Abstract
Objectives
To determine whether staged percutaneous coronary intervention (PCI) within the same hospitalization as primary PCI is safe.
Background
In ST-segment elevation myocardial infarction (STEMI) patients with multivessel disease undergoing primary PCI, staged non-culprit vessel PCI at a separate session is recommended.
Methods
We conducted a retrospective analysis of 282 consecutive STEMI patients with multivessel disease who underwent primary PCI followed by staged PCI of the non-culprit vessel. Patients were categorized into staged PCI in the same hospitalization (n = 184) and staged PCI at a separate hospitalization within 8 weeks of primary PCI (n = 98).
Results
Baseline characteristics, presentation of STEMI, and procedural characteristics were similar in both groups. Contrast amount was higher in the separate hospitalization group for both index (175 vs. 153 ml, p = 0.011) and staged (144 vs. 120 ml, p = 0.004) procedures. More staged left main PCI was performed in the separate hospitalization group (3.9 vs. 0.3%, p = 0.008). Angiographic success of staged PCI was similar in both groups, with similar rates of vascular complications and major bleeding. Following staged PCI, in-hospital major adverse cardiac events (3.3 vs. 1.0%, p = 0.43) and mortality (2.7 vs. 0%, p = 0.17) were similar in both groups.
Conclusions
Our study supports the safety and feasibility of staged PCI within the same hospitalization as primary PCI, achieving similar procedural success and in-hospital outcomes as staged PCI at a separate hospitalization. Higher contrast amount used during primary PCI and presence of left main lesion in non-culprit vessels may influence the decision to stage the PCI at a separate hospitalization.
1
Introduction
Primary percutaneous coronary intervention (PCI) is the treatment of choice in ST-segment elevation myocardial infarction (STEMI) . A significant percentage of patients presenting with STEMI have underlying multivessel coronary artery disease; these patients have worse clinical outcomes as compared to those with single-vessel disease . Various treatment strategies for non-culprit vessels have generated considerable interest and controversy. These include medical therapy, multivessel revascularization at the time of primary PCI, and staged PCI. Current guidelines recommend against performing PCI for the non-culprit vessels at the time of primary PCI unless there is hemodynamic instability . Staging the PCI for non-culprit vessels was associated with better short- and long-term outcomes compared to performing a one-time multivessel primary PCI . It is uncertain if staged PCI soon after the primary PCI is safe.
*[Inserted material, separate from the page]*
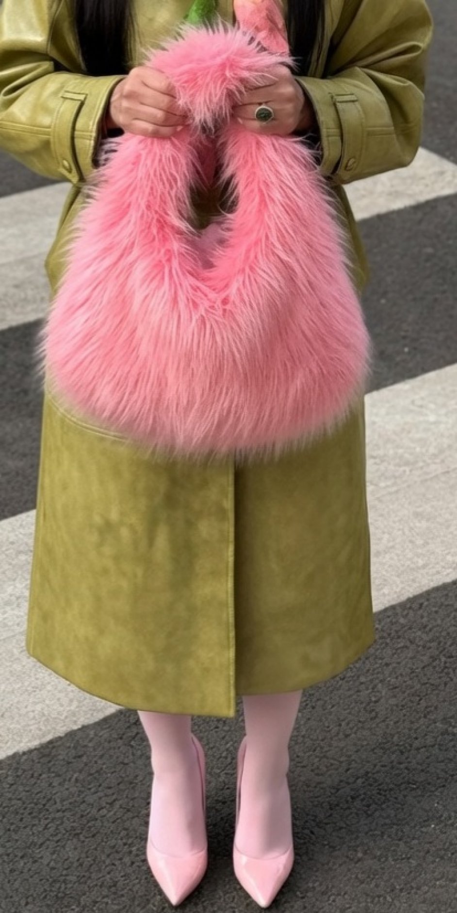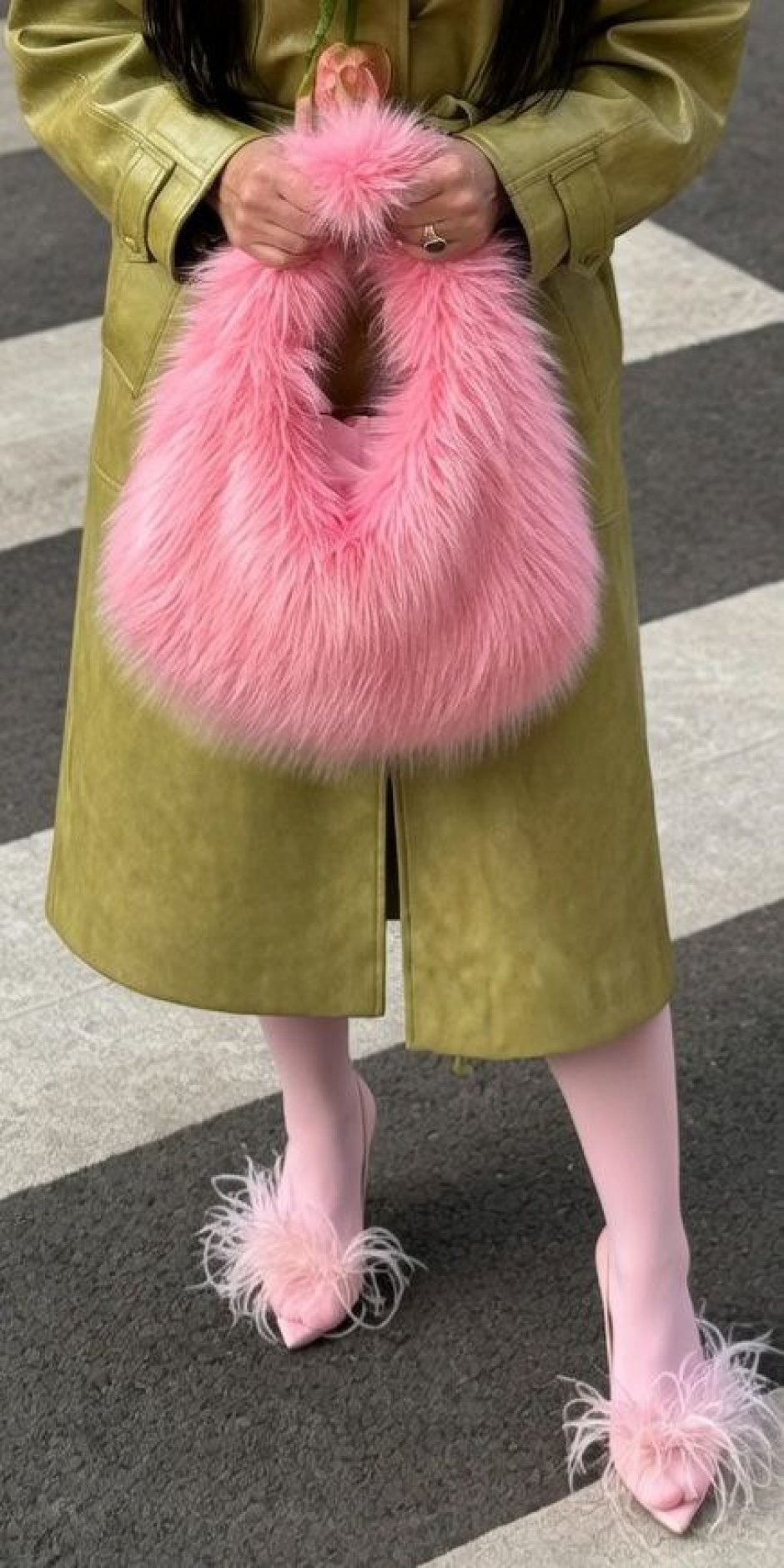 Як видно на фото, вона неймовірно круто виглядає з верхнім одягом оливкових або пастельних тонів, створюючи ультрамодний колор-блок.

We aimed to compare the safety and feasibility of performing staged PCI in the same hospitalization after primary PCI to performing staged PCI at a separate, later hospitalization.
2
Methods
Clinical, procedural, and follow-up data were retrospectively analyzed from a contemporary PCI registry of patients presenting with STEMI and undergoing primary PCI at a single center. Diagnosis of STEMI was based on the occurrence of chest pain lasting ≥ 30 minutes accompanied by ST-segment elevation ≥ 1 mm in ≥ 2 contiguous leads on a 12-lead electrocardiogram. Consecutive patients who fulfilled the criteria of multivessel disease (the presence of ≥ 1 lesion of angiographic ≥ 70% stenosis in another non-culprit vessel supplying a different territory) on presentation with a further staged elective non-culprit vessel PCI within 8 weeks of the primary PCI at a separate procedure were included ( Fig. 1 ). Patients who had one-time multivessel primary PCI, those with non-culprit vessels managed medically and those with staged PCI performed ≥ 8 weeks from the index PCI were excluded. The study population was divided into two groups: Staged PCI performed in the same hospitalization and staged PCI performed at a separate hospitalization (within 8 weeks of the index PCI).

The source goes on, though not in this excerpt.